How to detect and secure your applications from AI bots using F5 Distributed Cloud WAF

Key Concepts:

AI Scraping Bots
Robots.txt directives (User-agent, Disallow, Disallow AI-Training, Allow AI-Training)
F5 Distributed Cloud Web Application Firewall (F5XC WAF)
Scrapy (Python scraping library)
Direct Response Route
Client Blocking Rule
Suspicious Bot Blocking
Service Policy (TLS Fingerprint, User Agent)

1. Introduction to AI Scraping Concerns

Web scraping is not new, but the use of scraped data to train AI models has increased concerns.
Generative AI models can now retrieve dynamic content from websites using advancements like RAG (Retrieval-Augmented Generation), AI Agents, and MCP (presumably, Model Control Plane).

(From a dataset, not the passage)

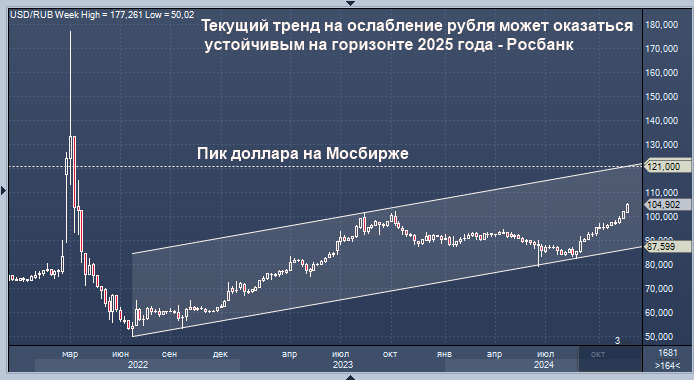 Текущий тренд на ослабление рубля может оказаться устойчивым на горизонте 2025 года, полагают аналитики Росбанка.

2. Robots.txt and AI-Specific Directives

IETF RFC 9309 defines standard ways to control data access for automated bots using directives in robots.txt.
A new RFC suggests adding Disallow AI-Training (prohibits data access for AI training) and Allow AI-Training (permits data fetching for AI training) directives.

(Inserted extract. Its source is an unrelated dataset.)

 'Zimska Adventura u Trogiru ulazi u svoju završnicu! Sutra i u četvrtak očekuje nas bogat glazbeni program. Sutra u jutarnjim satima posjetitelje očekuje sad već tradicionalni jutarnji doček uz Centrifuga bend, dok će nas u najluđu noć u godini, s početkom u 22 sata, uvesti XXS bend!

3. F5XC WAF Mitigation Solutions

The demo focuses on five mitigation solutions within F5 Distributed Cloud WAF (F5XC WAF).

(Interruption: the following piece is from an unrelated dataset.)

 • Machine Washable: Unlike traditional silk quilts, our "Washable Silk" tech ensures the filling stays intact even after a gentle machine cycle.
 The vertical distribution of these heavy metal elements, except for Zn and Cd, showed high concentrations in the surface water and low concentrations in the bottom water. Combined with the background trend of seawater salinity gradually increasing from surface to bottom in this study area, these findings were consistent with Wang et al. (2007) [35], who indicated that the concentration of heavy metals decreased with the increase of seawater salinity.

4. Solution 1: Preventing Bots Obeying AI Directives

Tool: Python Scrapy library is used, which allows customization of user agents and robots rules.
Configuration: Scrapy's settings file is modified to include the new AI directives. Prigggo is used as the default parser.
Direct Response Route: F5XC is configured to serve a custom robots.txt file using a direct response route. This route specifies the content F5XC sends back to the client.
Example: A direct response route is created to serve a robots.txt file with Disallow AI-Training.
Demonstration:
- The crawler initially accesses the website content when not obeying robots.txt.
- When Scrapy is instructed to obey robots.txt, access is restricted.
- The robots.txt is modified to Allow AI-Training, and the crawler is able to access the content.

5. Solution 2: Mitigating Bots Obeying RFC 9309 (But Not AI Directives)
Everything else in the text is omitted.